■ TASK
Write out, with no changes, every line starting at the one that contains "Figure 3. ReColl Access Control Screen" and ending at the last line of the data below. Leave pictures out.

■ EXERCISE DATA
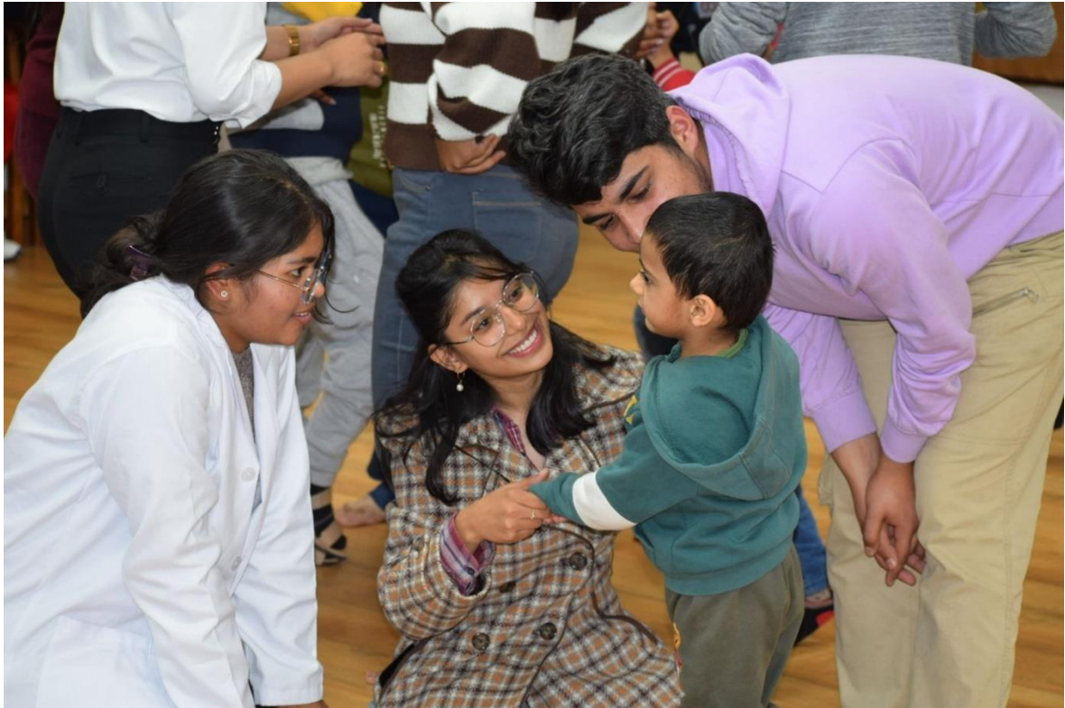
Volunteers talking to a child
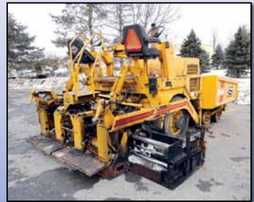
'94 BLAW KNOX PF-161

2005 INGERSOLL RAND/BLAW-KNOX Model PF2181 Rubber Tired Paver , s/n 181318, powered by Cummins 5.9 liter diesel engine and hydrostatic transmission, equipped with Ultimat 8'-16' heated vibratory screed with (2) 12" bolt-on extensions to 18' paving width, hydraulic strike-off tunnels, bogie drive assist, Blaw-Kontrol II model AGS7.5 electronic slope and grade controls (un-used),
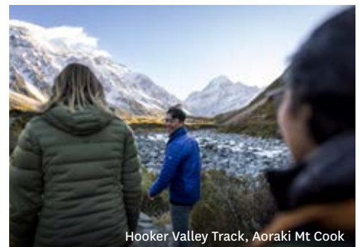
Hooker Valley Track, Aoraki Mt Cook
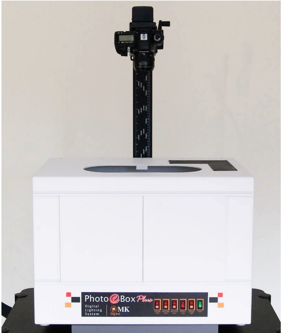
Figure 2. NYBG imaging station consisting of a Canon Eos 5D Mark II digital camera body, a Canon EF 50mm f /2.5 Macro lens, Photo e-Box Plus 1419 from MK Direct, and Kaiser RS 1 copystand.

tion, all imaging workstations are configured identically in order to produce consistent images. The white balance of individual cameras may be manually modified to account for subtle differences in the color temperature of the lights.
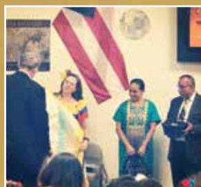
Missionaries receiving quilts

In November, we began planning and preparing for the next year's church activities. We will be making some changes in our kid's Sunday programs to free up more space in the church auditorium. The new Sunday program will be a big adjustment for our teachers and children. Please pray for our new Sunday program (that the transition will go smoothly), and most of all, please pray that God will provide a new church building for us. We are quickly running out of space, which is a GOOD problem to have! In the meantime, adjustments need to be made.
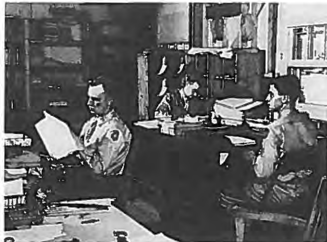
Paperwork played a big role in preparedness—these men in the adjutant general's department at division headquarters.

Meanwhile, on Hawaii, readiness training continued. Ultimately, however, the combat destiny of the division was not to be influenced by its scores on debarkation tests, but by an Army Air Force unit on the island of Tinian. The crew and weaponry aboard a B-29 bomber named Enola Gay cancelled the 98th Division's combat role. The aftermath of the Hiroshima and Nagasaki bombings changed the situation in the Pacific radically. The Japanese people, imbued with the traditions of bushido and hari-kari, who were expected to fight to the death, were confused and unnerved by the unprecedented mass destruction. Japan capitulated.
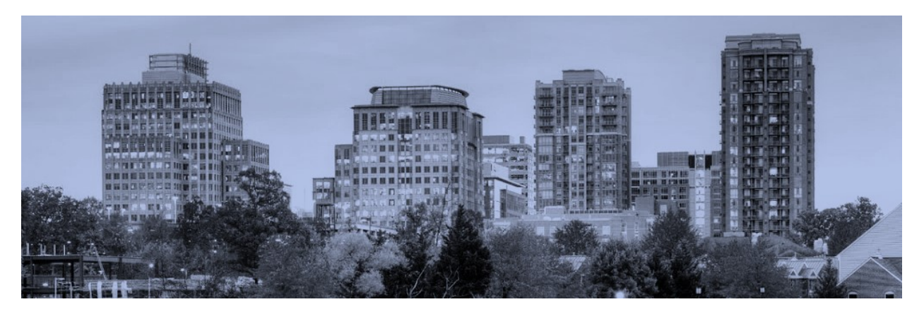
Population: 1.142 million | Land Area: 406 square miles
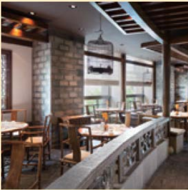
Hei Fung Terrace
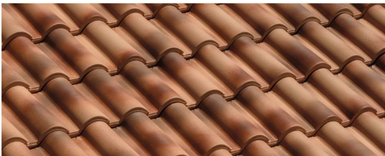
Portoghese castelli romani
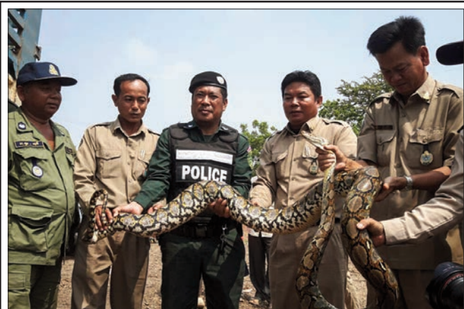
Police officers hold one of 17 pythons seized from a truck in Kandal province on Monday, in a photograph provided by the anti-economic crime police.

Officials at the Appeal Court could not be reached yesterday. The Russian Embassy in Phnom Penh did not respond to a request for comment.
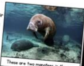
These are two manatees in the sea.

Some people call them gentle beasts because of their sheer size, yet delicate movement. Manatees can grow up to twelve feet long and weigh up to 1,800 pounds. They can live for up to sixty years in the wild but are endangered now. They face dangers such as getting caught in fishing nets or even getting too close to boat propellers.
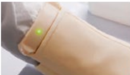
Correct Placement Green lamp, chime sound

Built-in lamps, chime sound and a buzzer indicate correct or incorrect positioning.
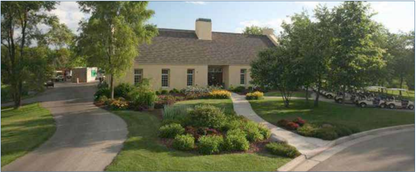
The Glen Erin Golf Course Clubhouse.

cart, lunch, giveaways, and inclusion in the prize drawings. Please note that proper golf attire is required to participate in this event. Please, no jeans, t-shirts, jean shorts, cut-off shorts or oversized cargo shorts. Shotgun starts at 9:00 a.m.
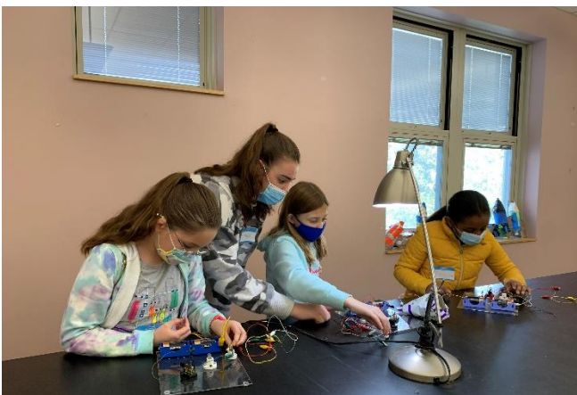
So You Want to be an Engineer
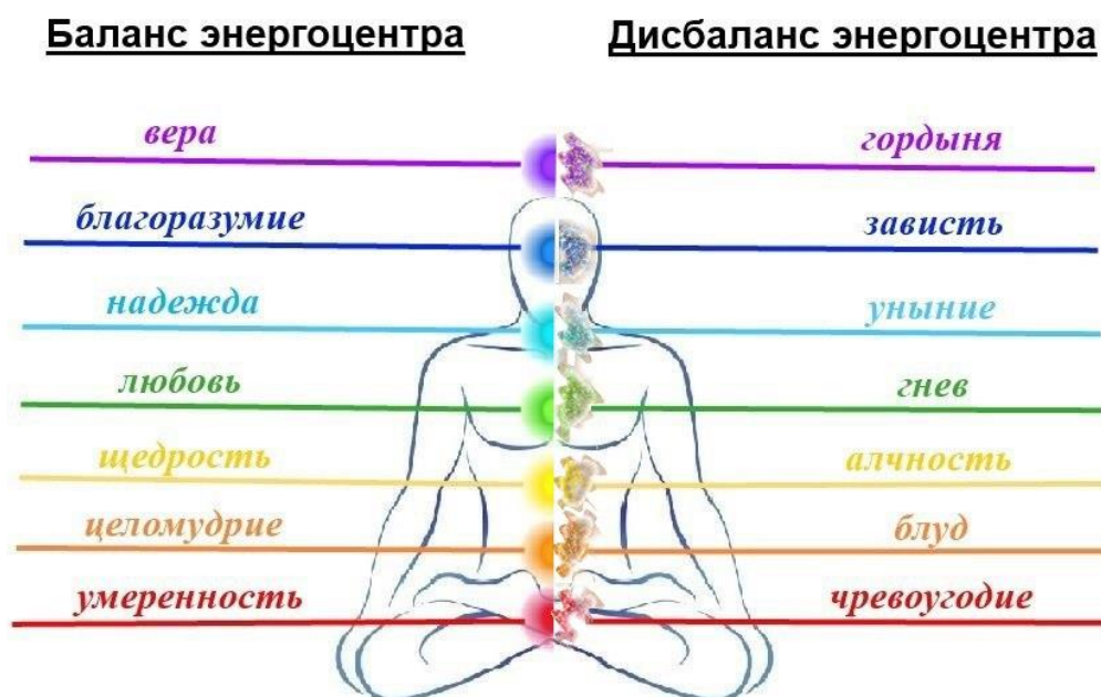
Fig.1. The manifestation of sin/virtue through the chakras

To understand the relationship between the color of the aura and the purity of the chakra, consider an example. Let's say we're looking at a man with an orange aura. This suggests that the energy of sensuality is most pronounced in the 2nd chakra. This means that a person can be emotional, creative, but also touchy and dependent on others. All this leads to the search for pleasure or peace as some kind of meaning in life. This is how sin and virtue manifest themselves at this stage of life in this particular person. And the main task for him now is to choose a path and follow it for further growth — either to lose himself in passion or to be restrained in emotions.
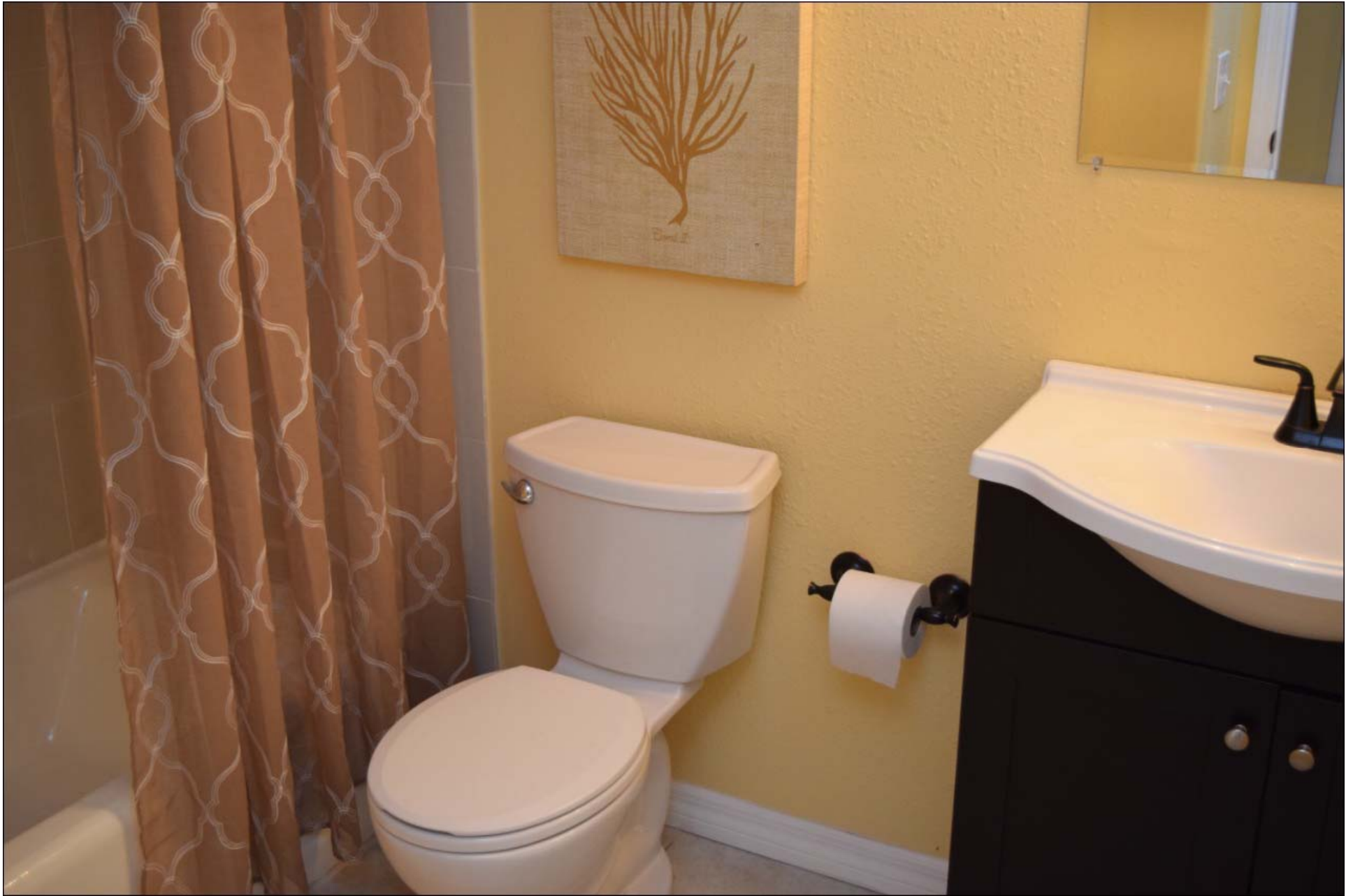
Bathroom 2 with vanity, mirror & shower-in-tub
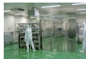
Manufacturing of PET radiopharmaceuticals
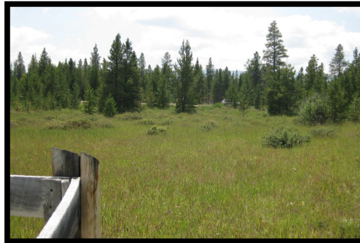
Daisy Meadows Conservation Easement 60 acres granted in 2000

Near the end of 2021, CHLT renewed our accreditation with the Land Trust Accreditation Commission, an independent arm of the Land Trust Alliance tasked with ensuring land trusts adhere to the Land Trust Standards and Practices .
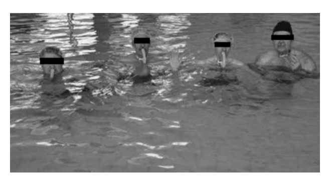
Fig. 1. Members of the Laryngectomy Swimming Club in a pool.

At the end of three months, the patients were divided into two groups: the swimmers (n = 17) and the nonswimmers (n = 83). The swimmers were members of the Laryngectomy Swimming Club and in average swam 3 hours a week. Normal swimming is possible after total laryngectomy in a well-motivated and previously experienced swimmer with simple equipment. These swimming aids consist essentially of an extension tube plugged firmly and securely into the tracheal stoma, forming a water-tight seal while the other end of the tube is flattened and put between the lips (Figures 1 and 2). During inspiration, the airflow goes through the nose, into the mouth, and through the tube in the trachea and the lungs. The laryngectomee should never swim alone, and it is strongly advised that attending swimmers or family should be trained in the rescue and resuscitation of a laryngectomee<sup>1,9</sup>
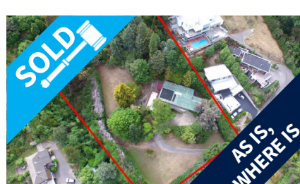
59 Bowenvale Avenue, CASHMERE $550,000
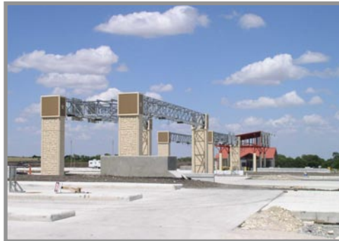
Mainlane Toll Plaza Near CR 107
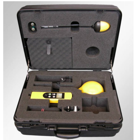
A rugged transport case is included. This provides ideal protection for the instrument, together with up to two probes and all accessories.
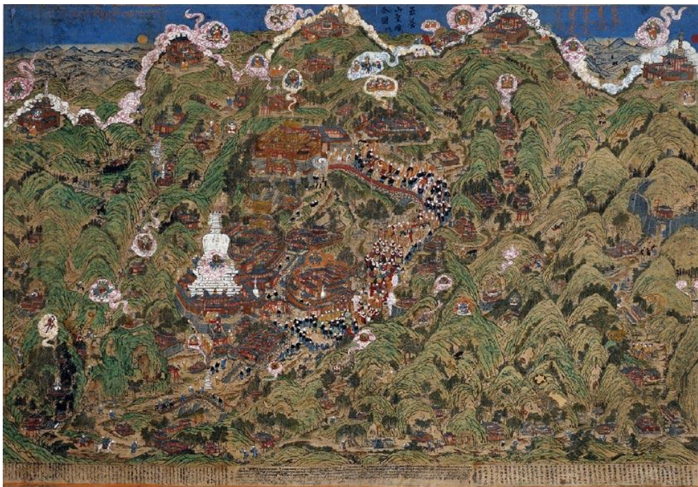
Map of Wutaishan, 1846, Sino-Tibetan, painted and colored xylograph, Rubin Museum of Art
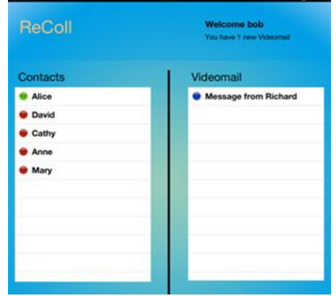
Figure 3. ReColl Access Control Screen

Though not implemented in ReColl , device authentication is helpful in providing a better security mechanism. This is to ensure that medical information are exchanged between valid mobile devices (i.e., truly the devices they claim to be), untampered (i.e., not compromised by an adversary), and correct (i.e., they are the right devices assigned to the desired patient). Mutual authentication can assist the device authentication so that the requests came from the device owned by a patient and response is sent from the device owned by an expert [8].
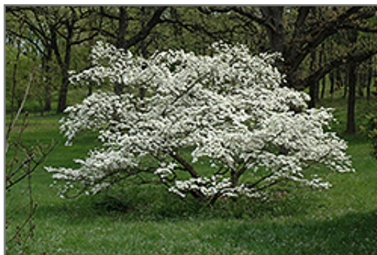
Cherokee Princess Flowering Dogwood in bloom

■ REPLY
Figure 3. ReColl Access Control Screen

Though not implemented in ReColl , device authentication is helpful in providing a better security mechanism. This is to ensure that medical information are exchanged between valid mobile devices (i.e., truly the devices they claim to be), untampered (i.e., not compromised by an adversary), and correct (i.e., they are the right devices assigned to the desired patient). Mutual authentication can assist the device authentication so that the requests came from the device owned by a patient and response is sent from the device owned by an expert [8].
Cherokee Princess Flowering Dogwood in bloom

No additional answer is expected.